Directions for this task: Return exactly the lines of the data below, from the one that contains "Camasa barbati traditional" through the final line, and leave out every picture.

Supplied material:
========================================================================

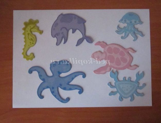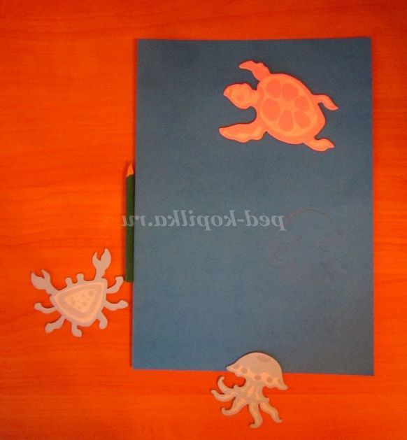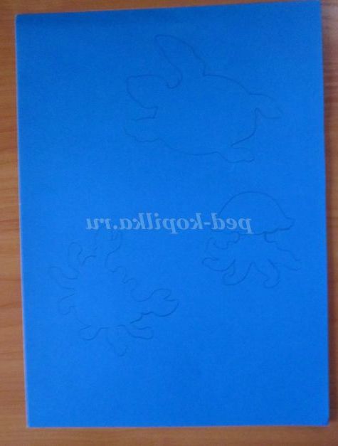 1. Беремо аркуш синього картону, наносимо туди зображення морських мешканців (для цього можна використовувати шаблони)
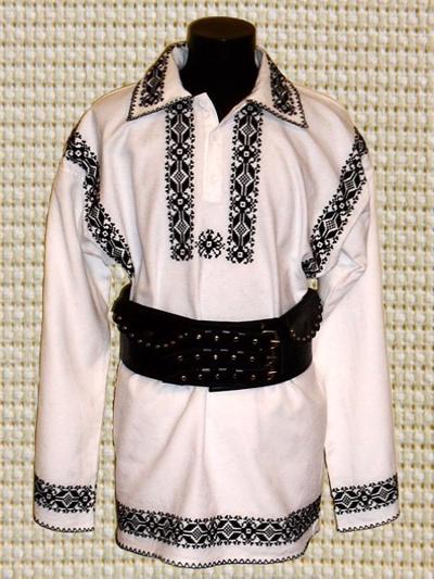 Camasa barbati traditional romaneasca din panza de bumbac brodata manual cu motive geometrice cu negru , guler normal, 3 nasturi la gat si maneca larga.
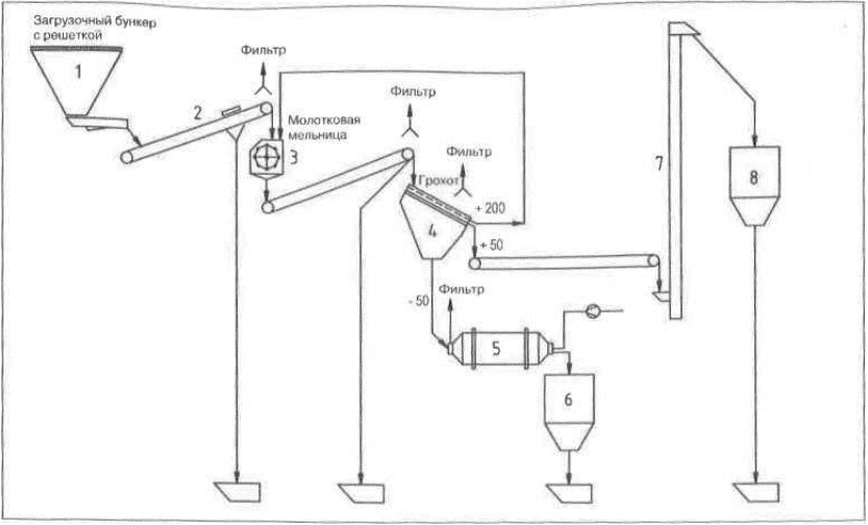 Рукавные фильтры | Очистка от пыли аспирационного воздуха при разгрузке, складировании, транспорте, пересыпке, измельчении, грохочении сырьевых материалов, полупродуктов, товарной продукции, отходящих газов РТП (с силосами, оснащенными системами для уплотнения пыли) | Типа СМЦ, ФРКН, ФРИА и др. с термостойкой тканью (до 250 °C) для рукавов; КПД - до 99%, с отдувкой и регенерацией остаточная запыленность - 10 - 20 мг/м3 |

========================================================================

Exercise answer:
 Camasa barbati traditional romaneasca din panza de bumbac brodata manual cu motive geometrice cu negru , guler normal, 3 nasturi la gat si maneca larga.
 Рукавные фильтры | Очистка от пыли аспирационного воздуха при разгрузке, складировании, транспорте, пересыпке, измельчении, грохочении сырьевых материалов, полупродуктов, товарной продукции, отходящих газов РТП (с силосами, оснащенными системами для уплотнения пыли) | Типа СМЦ, ФРКН, ФРИА и др. с термостойкой тканью (до 250 °C) для рукавов; КПД - до 99%, с отдувкой и регенерацией остаточная запыленность - 10 - 20 мг/м3 |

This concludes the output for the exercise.